▸ What you are asked to do
Set down each of the records below exactly as it reads. No pictures go into the copy.

Data extracted from a collection:
'''

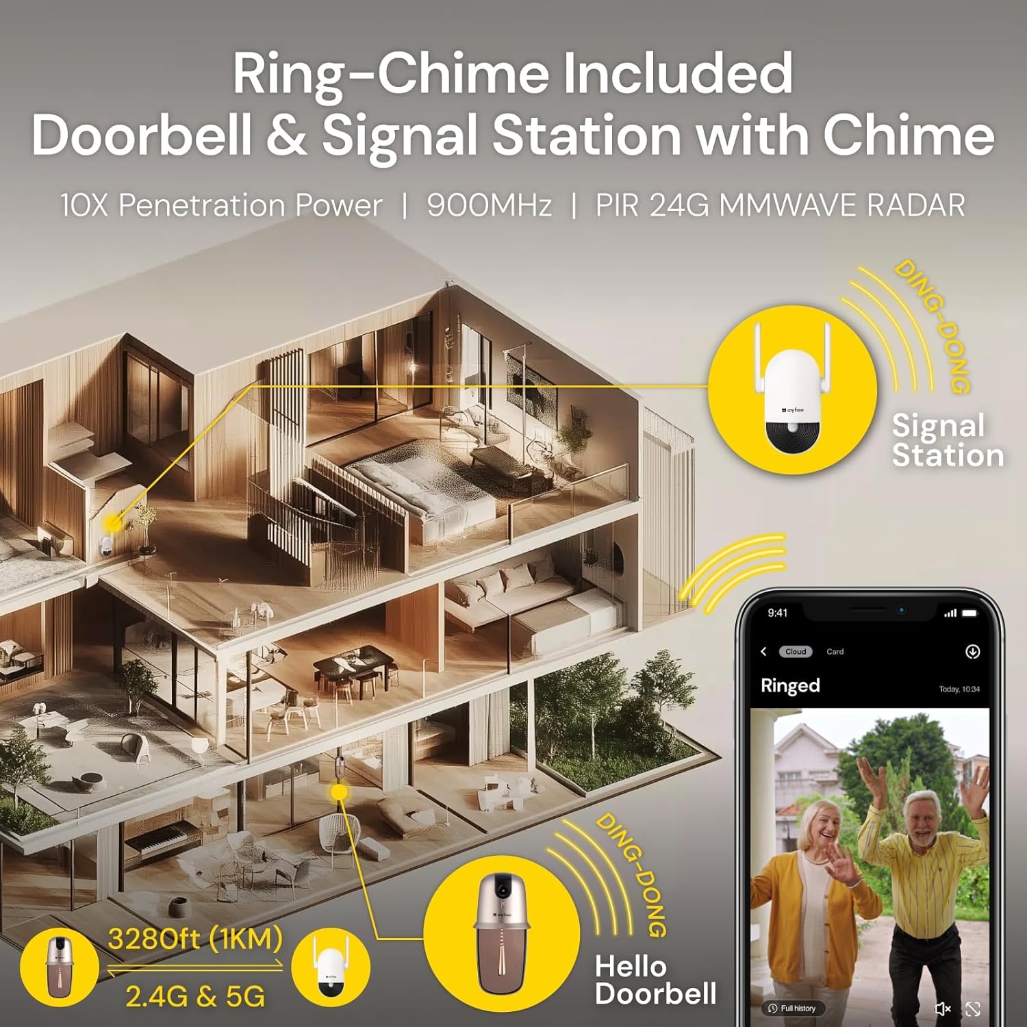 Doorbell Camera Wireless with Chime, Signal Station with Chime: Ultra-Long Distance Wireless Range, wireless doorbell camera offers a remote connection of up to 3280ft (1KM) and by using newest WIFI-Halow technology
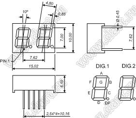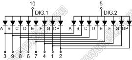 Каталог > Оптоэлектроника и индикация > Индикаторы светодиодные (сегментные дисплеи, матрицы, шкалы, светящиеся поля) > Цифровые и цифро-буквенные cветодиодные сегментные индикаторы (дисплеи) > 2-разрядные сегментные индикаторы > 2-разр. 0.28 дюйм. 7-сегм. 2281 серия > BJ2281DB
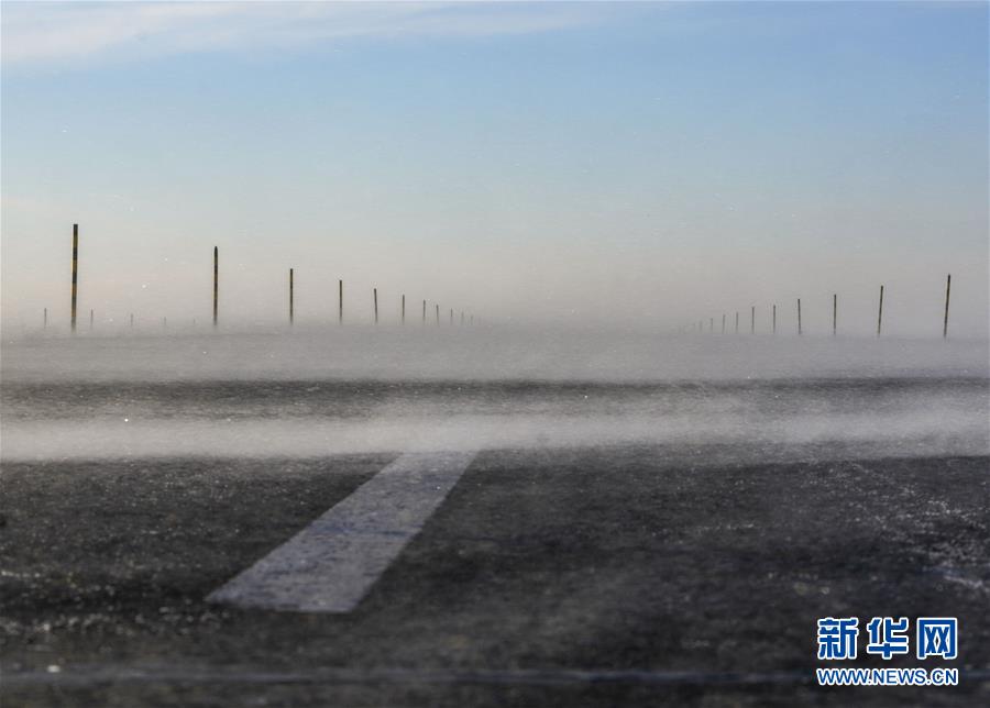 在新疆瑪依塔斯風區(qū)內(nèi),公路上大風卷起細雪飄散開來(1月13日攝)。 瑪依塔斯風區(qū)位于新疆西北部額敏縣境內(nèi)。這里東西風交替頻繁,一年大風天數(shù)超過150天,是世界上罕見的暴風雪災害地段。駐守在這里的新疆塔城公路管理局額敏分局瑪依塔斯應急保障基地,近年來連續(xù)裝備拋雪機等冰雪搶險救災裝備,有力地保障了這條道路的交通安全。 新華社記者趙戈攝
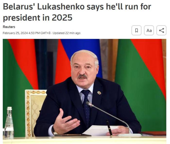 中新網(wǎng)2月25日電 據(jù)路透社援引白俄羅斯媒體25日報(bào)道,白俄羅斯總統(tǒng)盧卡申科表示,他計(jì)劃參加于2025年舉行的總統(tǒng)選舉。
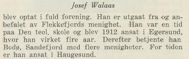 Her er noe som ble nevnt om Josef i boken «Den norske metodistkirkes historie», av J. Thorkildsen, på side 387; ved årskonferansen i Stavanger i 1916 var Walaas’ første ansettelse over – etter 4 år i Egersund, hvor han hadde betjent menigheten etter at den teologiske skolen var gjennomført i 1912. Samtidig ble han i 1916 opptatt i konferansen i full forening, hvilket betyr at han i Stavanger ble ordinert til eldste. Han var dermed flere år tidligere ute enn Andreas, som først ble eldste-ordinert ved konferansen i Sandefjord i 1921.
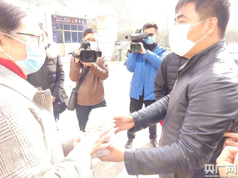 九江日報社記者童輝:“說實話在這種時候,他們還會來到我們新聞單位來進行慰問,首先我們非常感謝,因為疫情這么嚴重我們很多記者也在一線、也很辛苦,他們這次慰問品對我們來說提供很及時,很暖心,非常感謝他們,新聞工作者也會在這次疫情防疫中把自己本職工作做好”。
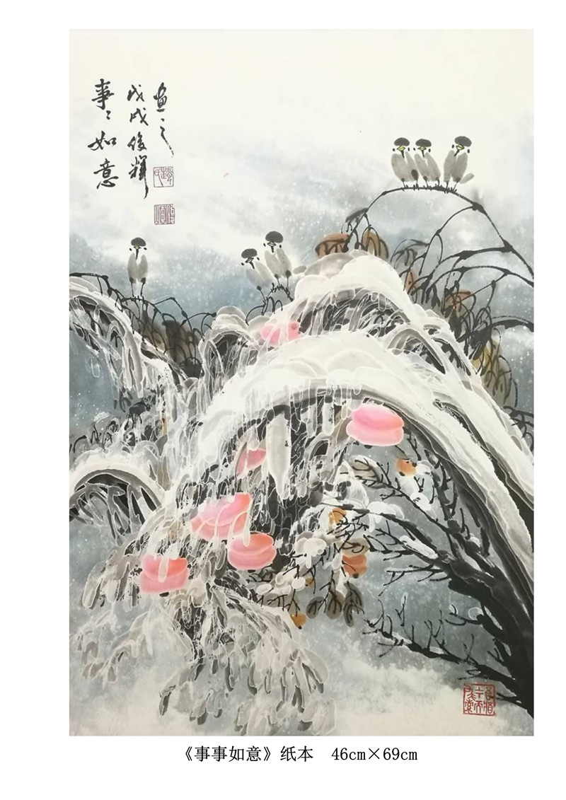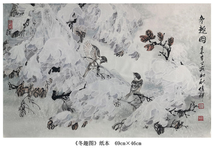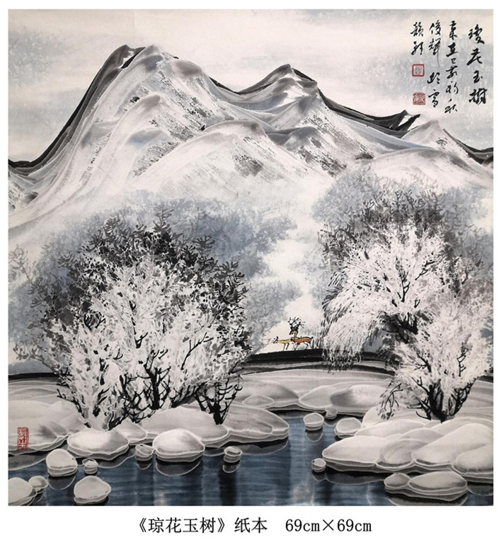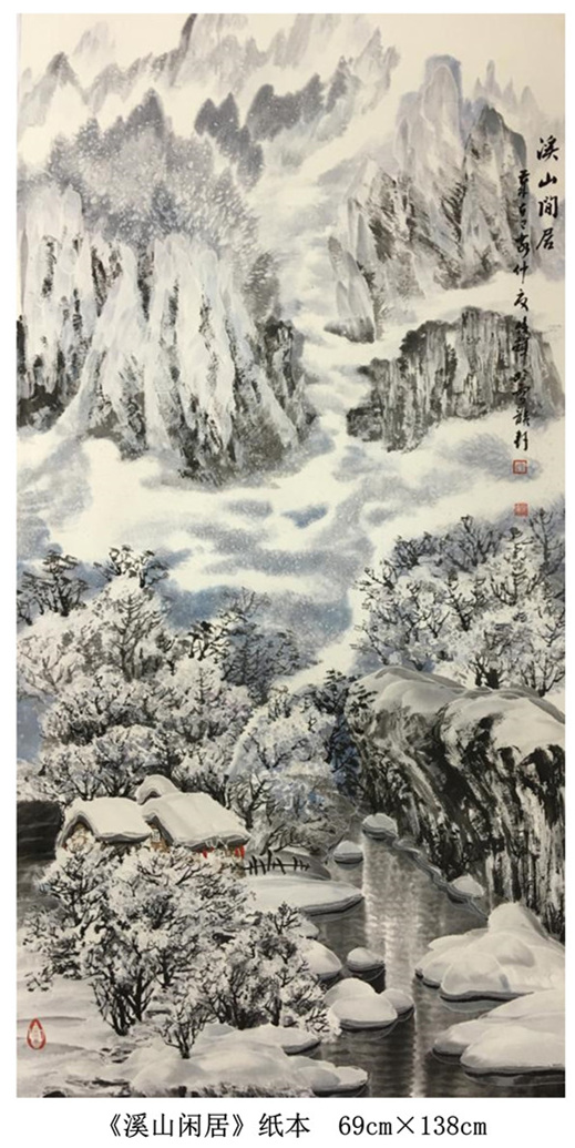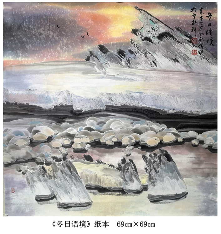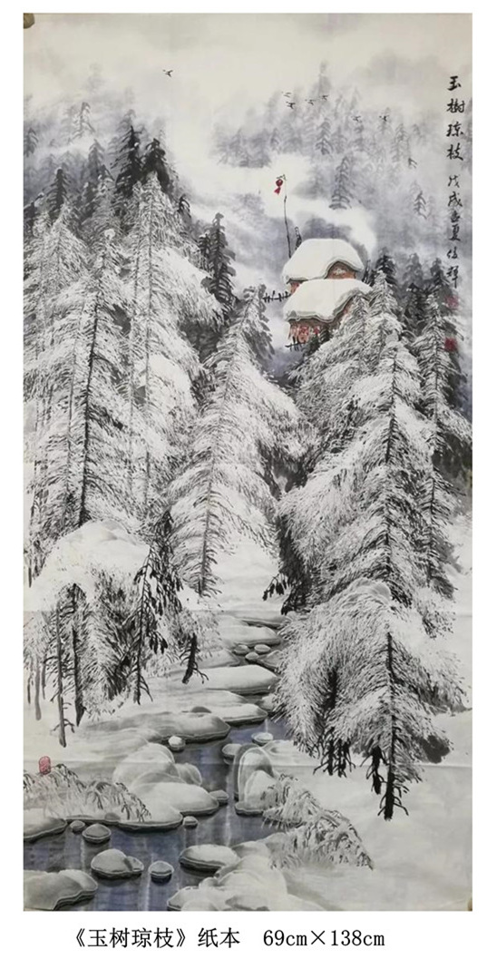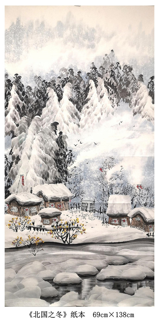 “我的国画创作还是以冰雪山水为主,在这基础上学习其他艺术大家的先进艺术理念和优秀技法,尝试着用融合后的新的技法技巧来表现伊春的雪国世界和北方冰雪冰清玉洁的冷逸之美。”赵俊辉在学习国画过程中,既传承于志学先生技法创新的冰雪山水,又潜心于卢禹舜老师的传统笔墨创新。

'''

▸ Task solution
 Doorbell Camera Wireless with Chime, Signal Station with Chime: Ultra-Long Distance Wireless Range, wireless doorbell camera offers a remote connection of up to 3280ft (1KM) and by using newest WIFI-Halow technology
 Каталог > Оптоэлектроника и индикация > Индикаторы светодиодные (сегментные дисплеи, матрицы, шкалы, светящиеся поля) > Цифровые и цифро-буквенные cветодиодные сегментные индикаторы (дисплеи) > 2-разрядные сегментные индикаторы > 2-разр. 0.28 дюйм. 7-сегм. 2281 серия > BJ2281DB
 在新疆瑪依塔斯風區(qū)內(nèi),公路上大風卷起細雪飄散開來(1月13日攝)。 瑪依塔斯風區(qū)位于新疆西北部額敏縣境內(nèi)。這里東西風交替頻繁,一年大風天數(shù)超過150天,是世界上罕見的暴風雪災害地段。駐守在這里的新疆塔城公路管理局額敏分局瑪依塔斯應急保障基地,近年來連續(xù)裝備拋雪機等冰雪搶險救災裝備,有力地保障了這條道路的交通安全。 新華社記者趙戈攝
 中新網(wǎng)2月25日電 據(jù)路透社援引白俄羅斯媒體25日報(bào)道,白俄羅斯總統(tǒng)盧卡申科表示,他計(jì)劃參加于2025年舉行的總統(tǒng)選舉。
 Her er noe som ble nevnt om Josef i boken «Den norske metodistkirkes historie», av J. Thorkildsen, på side 387; ved årskonferansen i Stavanger i 1916 var Walaas’ første ansettelse over – etter 4 år i Egersund, hvor han hadde betjent menigheten etter at den teologiske skolen var gjennomført i 1912. Samtidig ble han i 1916 opptatt i konferansen i full forening, hvilket betyr at han i Stavanger ble ordinert til eldste. Han var dermed flere år tidligere ute enn Andreas, som først ble eldste-ordinert ved konferansen i Sandefjord i 1921.
 九江日報社記者童輝:“說實話在這種時候,他們還會來到我們新聞單位來進行慰問,首先我們非常感謝,因為疫情這么嚴重我們很多記者也在一線、也很辛苦,他們這次慰問品對我們來說提供很及時,很暖心,非常感謝他們,新聞工作者也會在這次疫情防疫中把自己本職工作做好”。
 “我的国画创作还是以冰雪山水为主,在这基础上学习其他艺术大家的先进艺术理念和优秀技法,尝试着用融合后的新的技法技巧来表现伊春的雪国世界和北方冰雪冰清玉洁的冷逸之美。”赵俊辉在学习国画过程中,既传承于志学先生技法创新的冰雪山水,又潜心于卢禹舜老师的传统笔墨创新。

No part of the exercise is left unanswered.